This is great - I just found this thread after spending this afternoon trying to get a Gaggia Classic apart to fix! My sis inlaw gave me theirs to look at as it was leaking and not flowing well. It's a 2004 machine, spent its life in hard water, never been serviced I think...  the group gasket is rock hard (crumbling in fact) and the shower holding plate will not budge after several hours in descaler and some judicial whacking with a 2lb hammer... at least I have some more ideas to try without thinking that I'll destroy the machine! I'll check my box of bolts in the morning. I assume I'll probably need to replace the whole group head if the plate won't budge?

Cheers,

Martin


----------



## iammart (Jan 23, 2012)

I can confirm that Scott-Westy's method works a treat on the most stubborn shower plate! I used a bolt and penny washer through the centre screen hole, then a hefty pair of pliers as a lever to pop the plate straight up. Cruddy doesn't describe it! I should have taken some pictures... the gasket lifted out easy enough and the head cleaned up nicely. No leaks now (at least from that area!)

Cheers,

Martin


----------



## Lynx (Jan 17, 2013)

I had the same problem, googled for advice and found this thread. My shower plate on a used machine purchased from ebay, was almost welded on. Thanks to members answers on this forum I modified the techniques suggested.

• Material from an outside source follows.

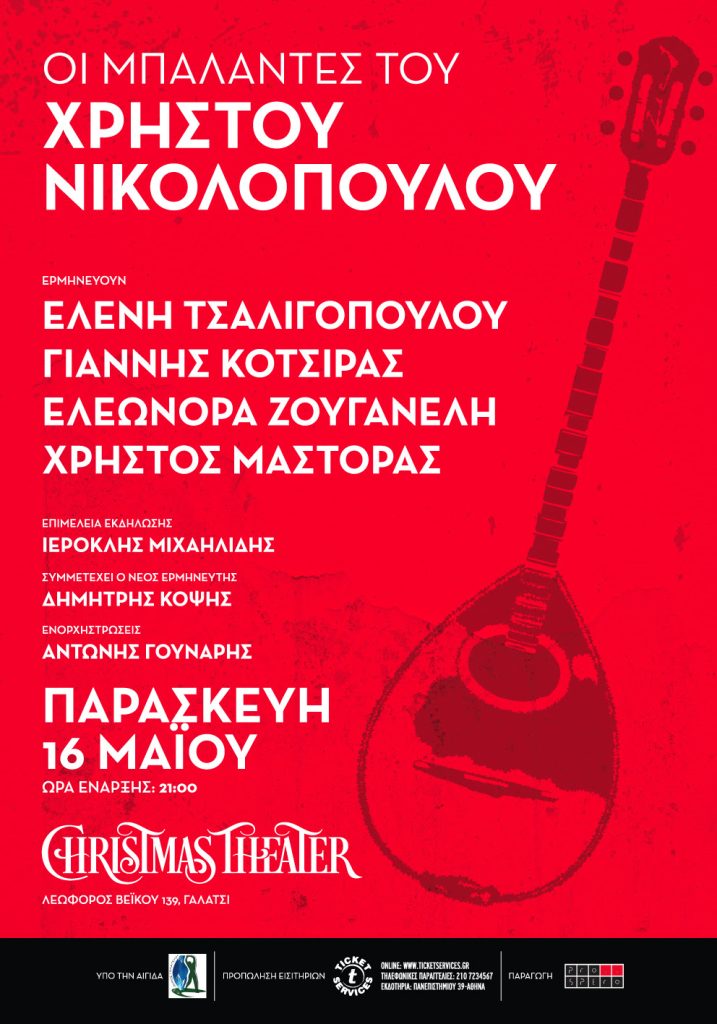 ΟI ΜΠΑΛΑΝΤΕΣ του ΧΡΗΣΤΟΥ ΝΙΚΟΛΟΠΟΥΛΟΥ Παρασκευή 16 Μαΐου Christmas Theater ΕΛΕΝΗ ΤΣΑΛΙΓΟΠΟΥΛΟΥ ΓΙΑΝΝΗΣ ΚΟΤΣΙΡΑΣ ΕΛΕΩΝΟΡΑ ΖΟΥΓΑΝΕΛΗ ΧΡΗΣΤΟΣ ΜΑΣΤΟΡΑΣ και ο νέος ερμηνευτής  Δημήτρης Κόψης Η προπώληση ξεκίνησε!  Ο Χρήστος Νικολόπουλος, ένας από τους μεγαλύτερους συνθέτες μας και από τα σημαντικότερα πρόσωπα της σύγχρονης μουσικής μας ιστορίας παρουσιάζει μια συναυλία – γιορτή την Παρασκευή 16 Μαΐου, στο Christmas Theater. […]

M5 bolt from local hardware shop.

Washers steping up in size from M5 size to around M8

M5 nute

Pair of gas pliers, the one which will extend to accomodate very large nut.

Place pliers flat across shower holding plate and outer metal where porterfilter go's in

Attached nut to M5 bolt

Place smallest washer of M5 bolt, then step up in size with washers.

Put bolt through gap in the pliers used to adjust size.

Slowly tighten, stop bolt from turning used screwdriver.

Now as you tighten the nut the shower holding plate will seperate from head.

Lynn


----------